A federal judge in Miami has upheld Florida Gov. Ron DeSantis’ executive order banning universal mask mandates in schools.
In a decision handed down on Wednesday, U.S. District Judge K. Michael Moore rejected a request for an injunction sought by 11 parents who sued DeSantis over the ban. Moore decided that the parents failed to meet the legal burden necessary to block the governor’s order.
According to court records, the plaintiffs challenged the DeSantis rule on the grounds that failing to require masks denied their children, some of whom have medical issues that put them at greater risk of contracting COVID-19, a “free appropriate public education,” as guaranteed under a federal law that funds education programs for children with physical or intellectual disabilities.
Moore noted that the law, the Individuals with Disabilities Education Act, or IDEA, established an administrative process that federal courts have said must be followed before filing lawsuits. Yet the plaintiffs eschewed that process, Moore noted, even as they repeatedly claimed their children were being denied an education.
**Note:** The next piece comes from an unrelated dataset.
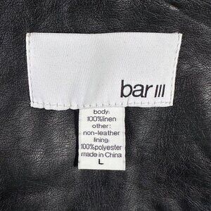 This edgy Bar III vest is crafted with a unique asymmetrical zip front in sleek black faux leather. This sleeveless jacket features contrasting tan linen panels for a modern, mixed-media look. The biker-inspired design includes a notched collar with snap details and functional zip pockets, adding a touch of rebellious chic to any outfit. Perfect for layering over tees or dresses to instantly elevate your style.

Accordingly, the judge wrote, “Their failure to do so weighs heavily against finding that Plaintiffs’ claims are likely to succeed on the merits.”
On a second issue, the plaintiffs claimed going the administrative route would be “futile” and “inadequate” because an administrative law judge holds no authority over the governor.
Yet, Moore noted, the IDEA requires that the administrative route still be taken. And even though the law allows for an exemption, those seeking the bypass must show concrete evidence why it should be granted. In this case, the judge said, all they offer is speculation as to why the process would not work.
Moreover, Moore ruled, their failure to pursue an administrative solution has not allowed for discussion of possible individualized remedies to the situations affecting their children.
For example, the judge said he could envision specific classrooms with universal mask mandates, outdoor lunchtime for immunocompromised students, specific classrooms with only vaccinated students, classrooms featuring frequent COVID-19 testing, and classrooms excluding students who chose medical opt-outs from masking. Yet the dismissal of the administrative process has inhibited such a discussion, Judge Moore wrote. In some cases, he added, the parents’ concerns could be addressed without prohibiting DeSantis’ order from being implemented.
Another problem Moore identified for the plaintiffs is that they have failed to include the Florida Department of Health in their demand for an injunction. That’s critical, Moore noted, because the Health Department created the rule with the opt-out provision on masking.
Moore indicated that an injunction on DeSantis’ order alone would not have any impact on the Health Department’s rule. Additionally, on this specific issue, the judge said the plaintiffs have undermined their own case because their children are not attending school even in districts that dissented from DeSantis and adopted universal mask mandates, or they are raising particular questions about masking, such as wearing them during lunch hours, that are tangential to the main debate.
Finally, Judge Moore maintained that the plaintiffs have failed to adequately show they will suffer “irreparable harm” if DeSantis’ order takes effect.
The key aspect there is that they ignored precedent set by a federal appellate court that determined denying educational services to a student completely is not the same as denying “authorization for him or her to receive those services at the school of his or her choice.”
“As in many other aspects of this case, the Court’s analysis is frustrated by the fact that there are numerous Plaintiffs that each face their own unique challenges,” Moore observed.
“Some of Plaintiffs are currently in school with universal mask mandates, some are in school without universal mask mandates, some are at home despite universal mask mandates being in place, and one is at home in circumstances where a universal mask mandate is not in place. These unique circumstances notwithstanding, there has been no allegation that any of Plaintiffs’ schools have denied Plaintiffs educational opportunities altogether.”
In conclusion, the judge noted, “The Court will not oblige Plaintiffs’ attempt to place a false choice before the Court. Plaintiffs would frame this case in a manner allowing for two rigid courses of action: (1) a path in which universal mask-wearing protects immunocompromised children in schools, or (2) a path where insufficient mask-wearing protocols needlessly put students at risk.”
“Yet, the facts before the Court make clear that these two paths are illusory and do not reflect the circumstances detailed in the record. For example, many Plaintiffs have raised concerns about medical opt-outs from universal mask mandates and lunchtime procedures. Some Plaintiffs are not sending their children to school despite that their children’s school districts currently have a universal mask mandate in place. Thus, Plaintiffs’ contention that an injunction of [DeSantis’ order] would remedy the harms posed to Plaintiffs’ children is, in large part, not borne out in the record.”
On one final point, the judge observed that the greater public interest must be balanced.
As much as medical authorities claim masks help, Moore noted, DeSantis and the Legislature “have expressed on behalf of those who elected them that returning to a sense of ‘normal’ is in the public interest as well.”
“The Court finds that under the circumstances presented in this case, Plaintiffs’ failure to exhaust their administrative remedies renders their requested relief to be out of line with the public interest,” he wrote.
“Only after Plaintiffs have availed themselves of their administrative remedies would their requested relief be, potentially, in line with the public interest.”